Expecting cloud subscriptions to integrate. ChatGPT Plus, Claude Pro, and Perplexity Pro do not plug into Cursor. Manually copying research and plans is the workflow. Fighting that fact leads to half-built automations that break every month.
When to keep everything in Cursor
The split is not universal. Stay in Cursor when:
- you need
@file context and immediate edits in one flow (tight debug loop on code you can share) - the task is small, scoped, and already clear — a rename, a test fix, a single-component change
- copy/paste overhead would cost more time than one agent run
Skip the split when the work is mostly thinking with no diff at the end.
Privacy: what goes where
Not all code belongs in every tool. A short policy helps:
| Sensitivity | Safer default |
|---|---|
| Public OSS, blog demos, learning exercises | Any tool — cloud or local |
| Employer code under NDA, client IP, credentials-adjacent logic | Cursor/ChatGPT/Claude only if your contract and company AI policy allow it; otherwise local Ollama or no AI |
| Secrets, keys, production configs | Never paste into cloud tools — rotate if you already did |
| “I am not sure” | Local model or redact identifiers first |
Local models are not automatically safer — they still see what you paste — but they keep data off third-party training pipelines. Check your employer’s policy before sending monorepo code to any external service, Cursor included.

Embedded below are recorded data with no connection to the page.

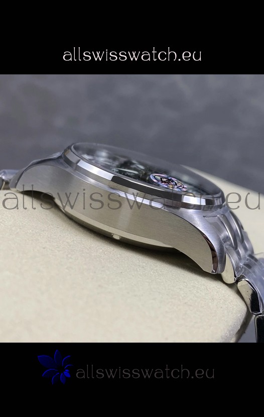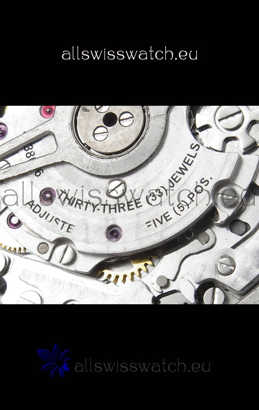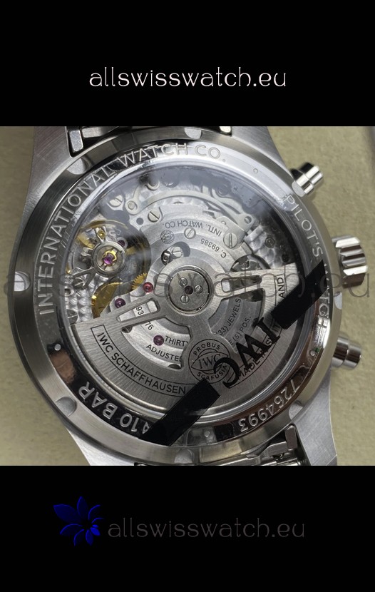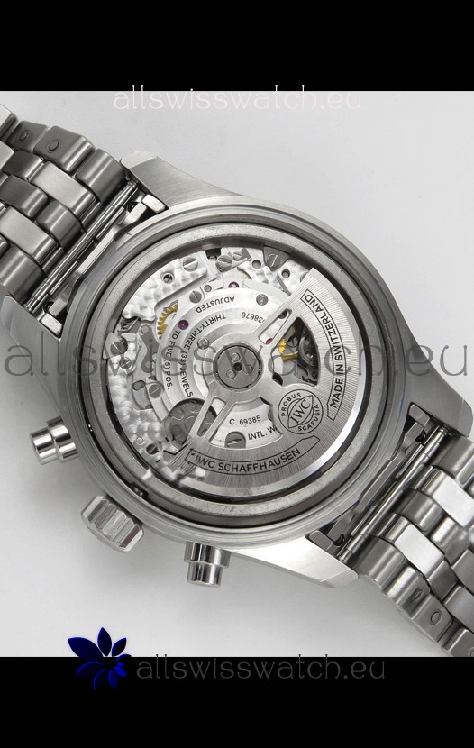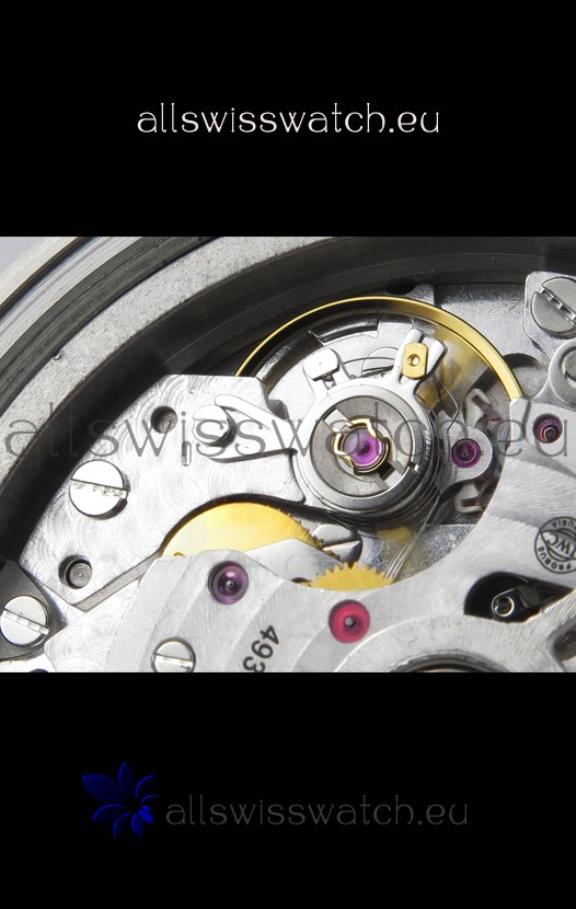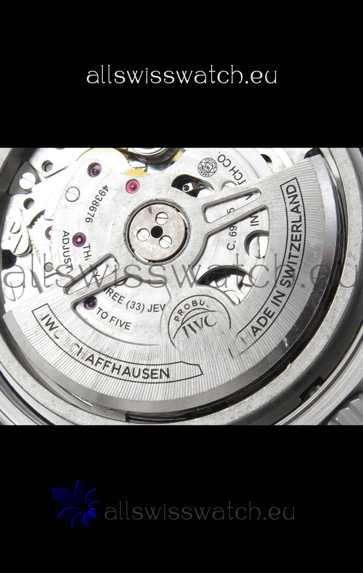 Base 7750 Movement Modified to Resemble the IWC 69385 Movement. Platinum Decodated Plate and Rotors. The Most Identical Machinery setup when compared with the Originals.
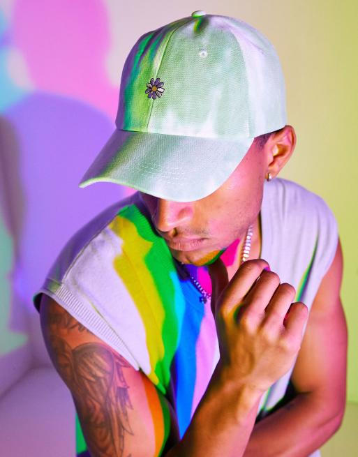 Gorra de béisbol verde con efecto tie dye, flor bordada y acabado suave de ASOS DESIGN
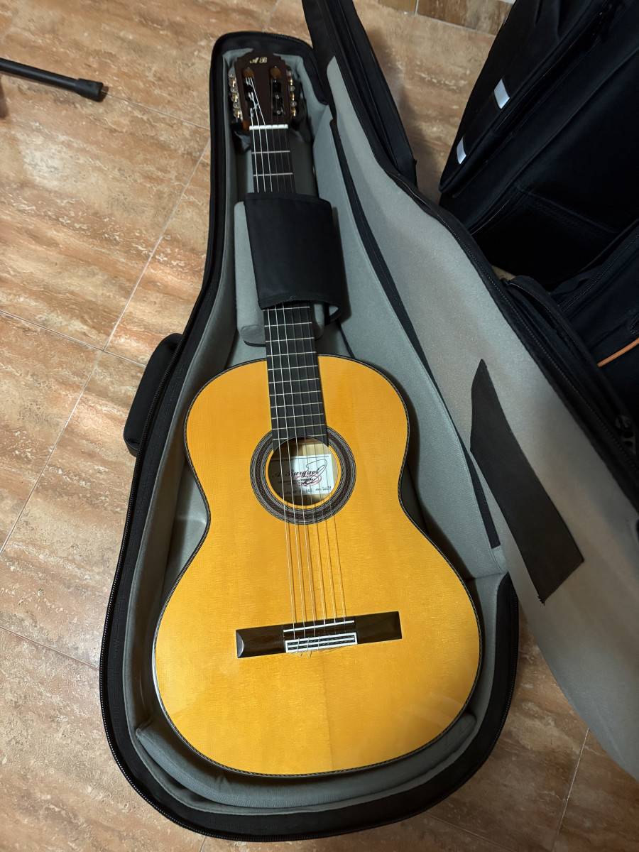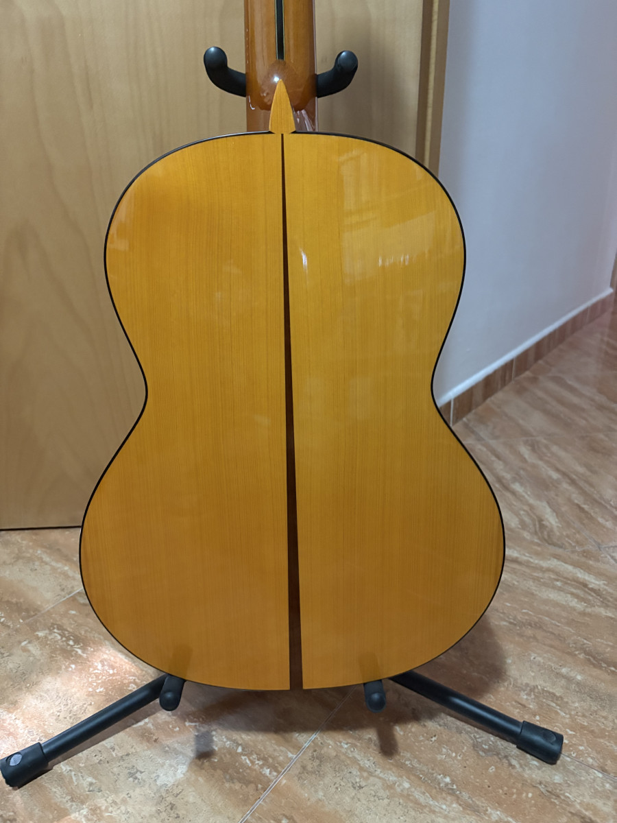 Guitarra flamenca Amalio Burguet “La Burguet”, con aros y fondo de ciprés y tapa de pino abeto. Se trata de una guitarra flamenca pura de gama alta. Nueva está en 3500. Lo podéis buscar en su web. Cualquier cosa me preguntais sin problema.
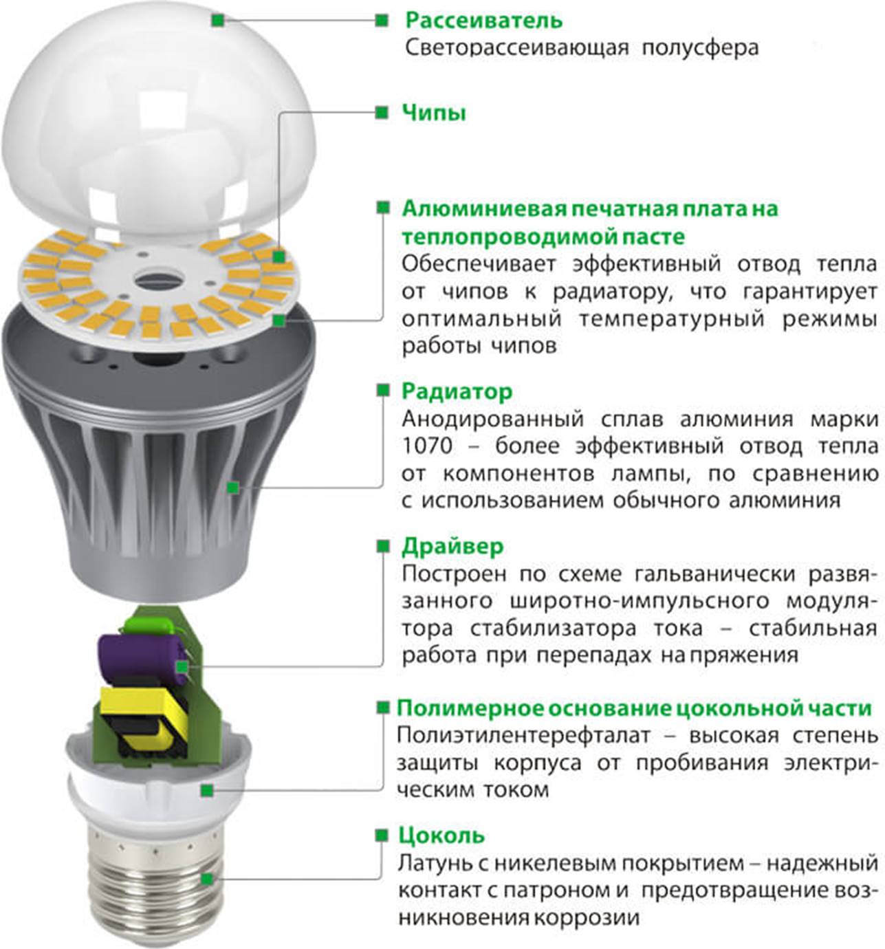 Вместо стеклянной колбы – матовый рассеиватель, нить накала заменили «долгоиграющие» диоды на плате, лишнее тепло отводит радиатор, а стабильность напряжения обеспечивает драйвер
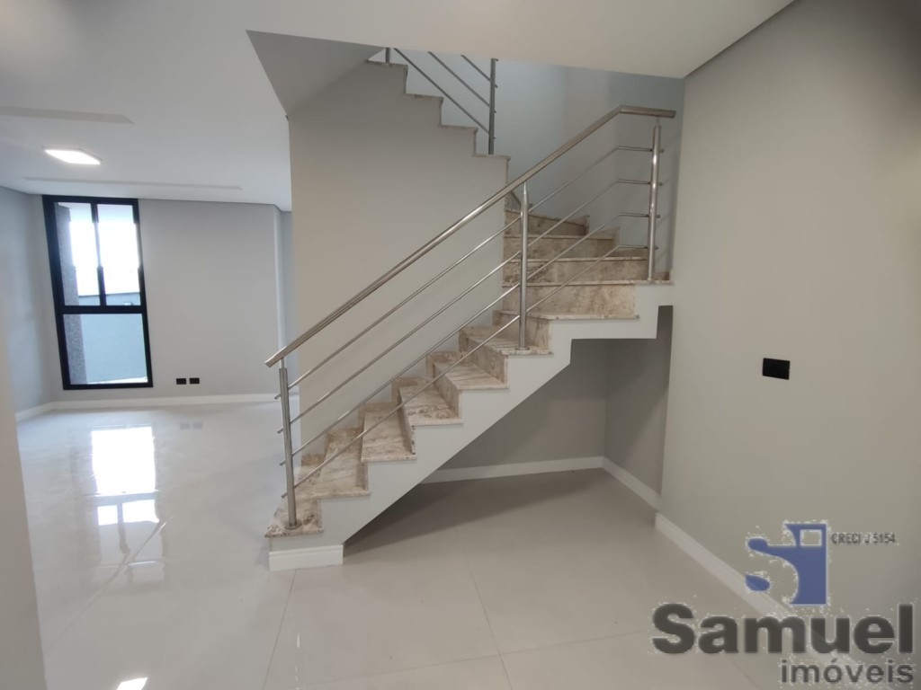 A escada foi revestida em granito travertino e corrimão em Inox polido.
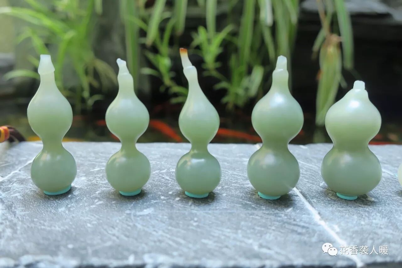 当然,我的葫芦们材质是和田玉的,和翡翠的葫芦不太一样
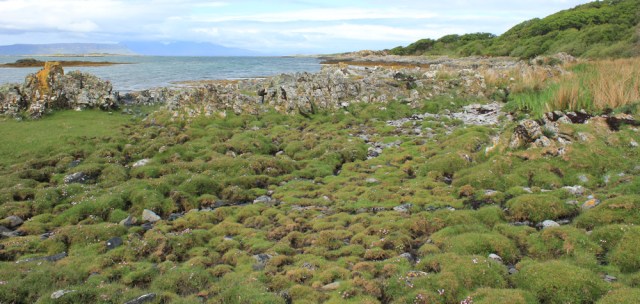 There’s not a soul in sight. Down by the shore, I climb over rocks, walk along grassy slopes, wade across the occasional patch of muddy beach…
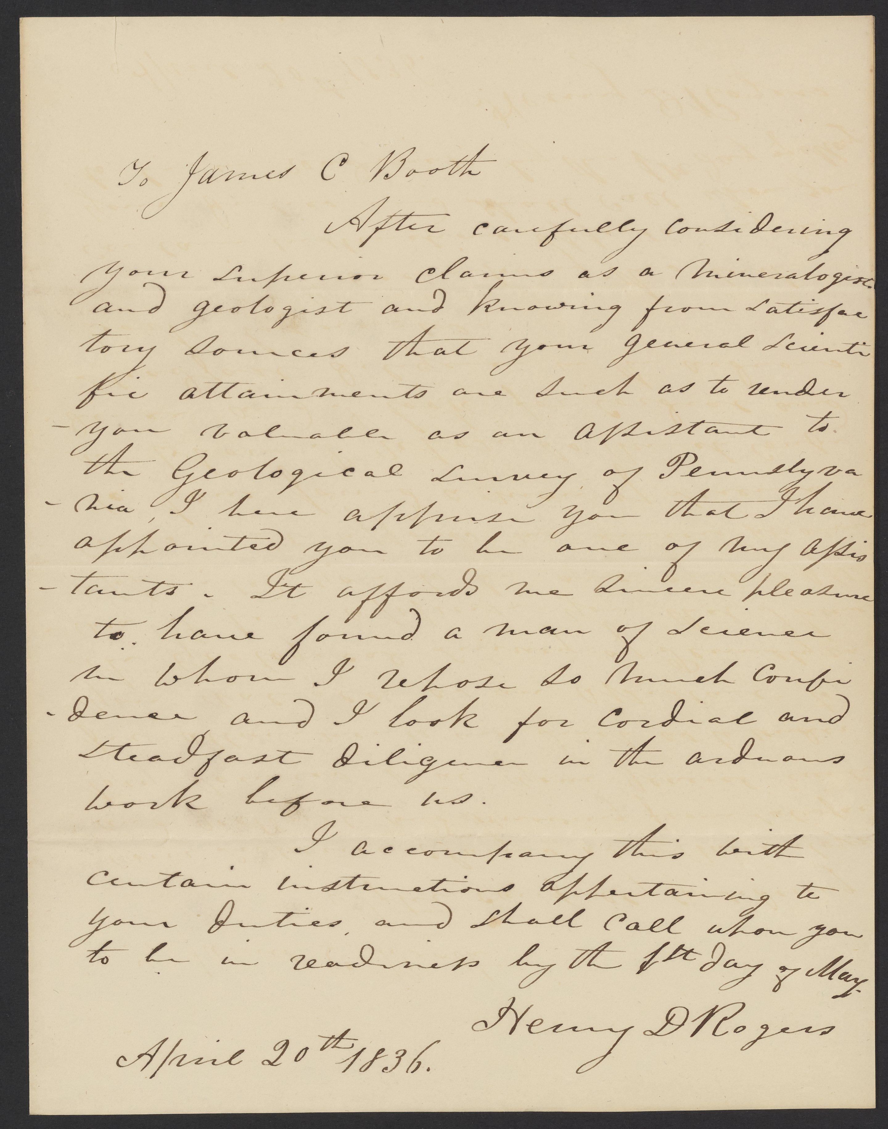 Letter from Henry D. Rogers to James Curtis Booth, April 20, 1836
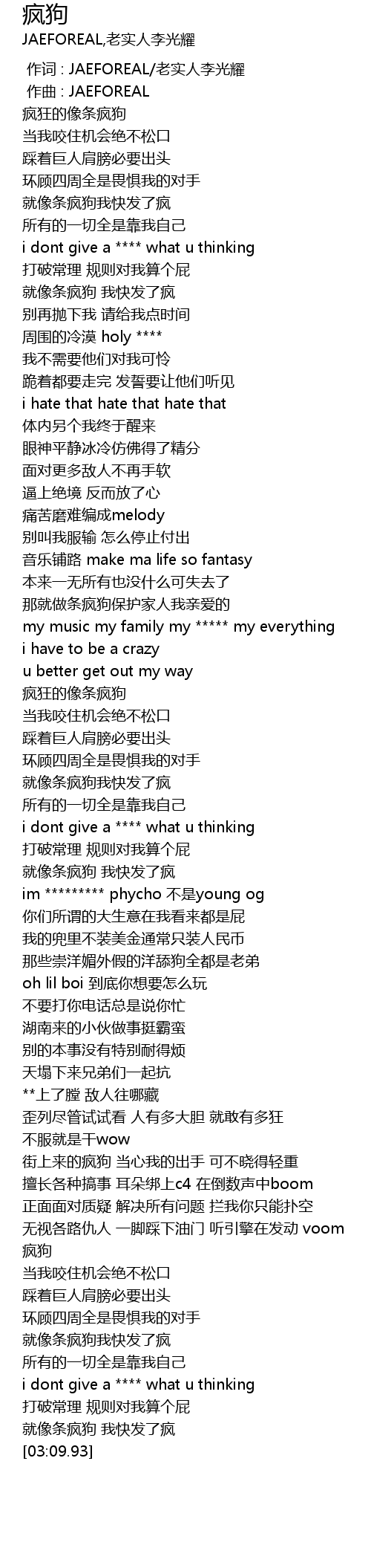 | [03:06.50] | 就像条疯狗 我快发了疯 |

When this workflow is the wrong fit
- Exploration is the deliverable. Greenfield spikes where you do not know the shape yet may need iterative agent mode — just budget for it.
- Zero copy/paste tolerance. If context-switching to a browser feels worse than burning quota, optimize inside Cursor instead of forcing the split.
- Strict air-gapped or compliance environments. You may be limited to local models only — or no AI at all.
- Stale specs. If nobody maintains the planning artifact, skip the handoff and pair directly in Cursor with a tight scope.
The workflow in one picture
┌──────────────┐ ┌─────────────┐ ┌─────────────┐ ┌─────────────┐
│ Perplexity │ │ ChatGPT │ │ Claude │ │ Ollama │
│ (research) │────▶│ (plan) │────▶│ (review) │ │ (cheap) │
└──────────────┘ └─────────────┘ └─────────────┘ └──────┬──────┘
│ │ │ │
└────────────────────┴──────────────────┴──────────────────┘
│
▼
┌─────────────────┐
│ Cursor │
│ (apply diffs) │
└────────┬────────┘
│
▼
┌─────────────────┐
│ Git │
│ (verify) │
└─────────────────┘
Reserve Cursor Pro for the step where IDE integration pays off: turning a settled plan into real changes across your codebase.
Everything else — planning, critique, small utilities, documentation — belongs elsewhere. That is how you code more with Cursor without treating every question like an agent task.